On August 21, 1863, Federal General Gilmore sent a communication to CSA General Beauregard demanding immediate evacuation of Morris Island and Fort Sumter or he would fire on the city within 4 hours. He sent the message at the night without his signature. He opened fire on the city about 2 AM in the morning, some 3 hours after his unsigned communique reached Beauregard's headquarters. Gillmore fired incendiary shells filled with a mixture termed "Greek Fire" after the fabled incendiary of old.

Beauregard responded, "It would appear, sir, that despairing of reducing these works, you now resort to the novel measure of turning your guns against the old men, the women and children, and the hospitals of a sleeping city, an act of inexcusable barbarity..." This went on for some days and weeks. Most of the shelling in the fall of 1863 was directed at the forts in an attempt to subjugate them, the attack on civilians not having achieved its goal. The fall shelling of the city did succeed in killing one Negro woman but I've not been able to find her name or the date of her death.

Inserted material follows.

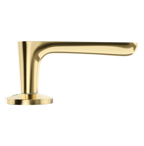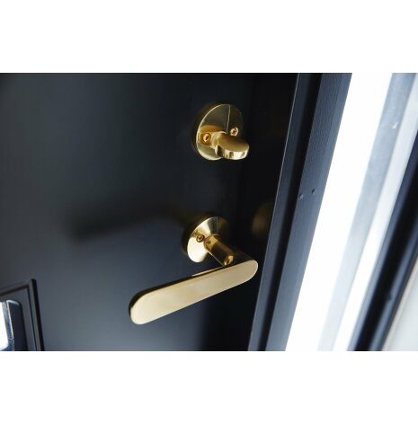 Designat dörrhandtag av mässing med dubbelverkande returfjäder. Kombinationen polerad/borstad mässing innebär att rosetten och handtagets baksida är i polerat utförande och framsidan i borstad mässing. Passar till dörrtjocklek 38-70 mm. Utsprång 65 mm.
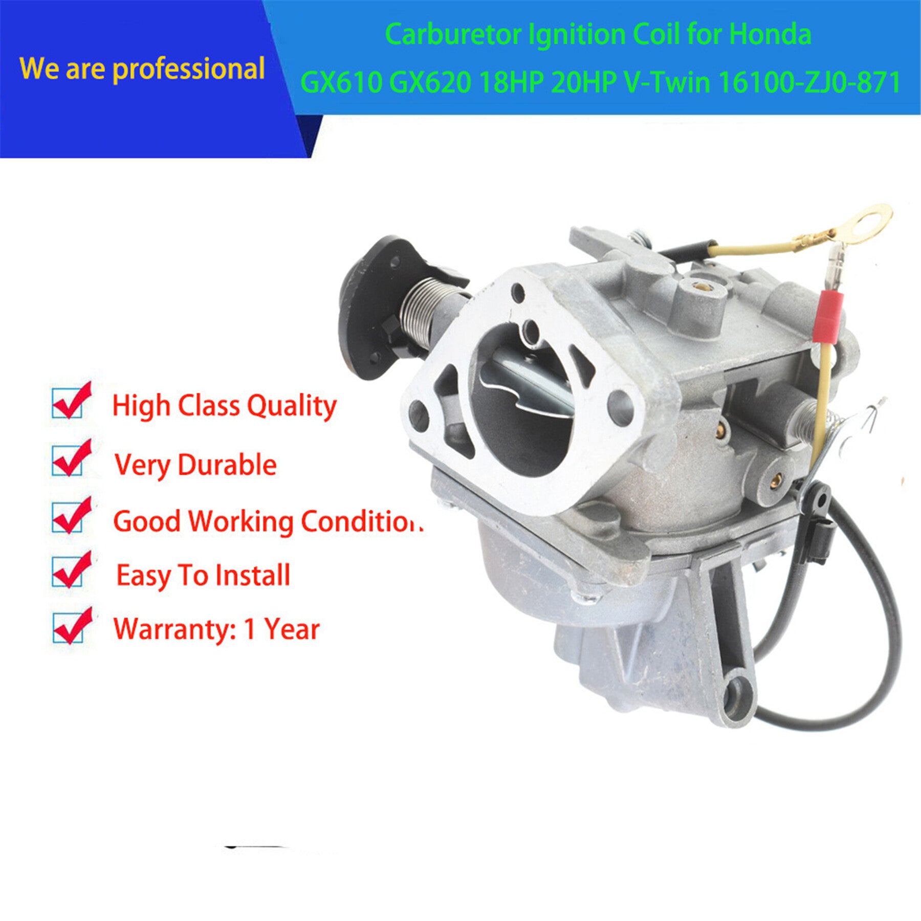 Carburetor with Ignition Coil Replacement for Honda GX610 GX620 18HP 20HP V-Twin 16100-ZJ0-871

The bombardment of the forts didn't work, so Gillmore started shelling civilians again, with a particularly severe bombardment on Christmas night. Some 1,500 shells were fired on the city in 9 days in mid-January 1864. The Feds aimed at church steeples, even on Sunday mornings.

The bombardment continued day by day and month by month into 1865, sometimes heavy, sometimes light. The Charleston civilians largely moved out of the lower part of the city that Union guns could reach, but the citizens refused to yield. Finally on February 14, 1865, Beauregard ordered the evacuation of the city as his troops were needed elsewhere. Fort Sumter and other installations were evacuated by the Confederates on February 18-19. The city was looted extensively by Federal troops on February 19.

I don't know how many civilians died or were wounded in the 18-month bombardment. I've made no effort to do a thorough search in the old newspapers. I just compiled casualty reports as I ran into them.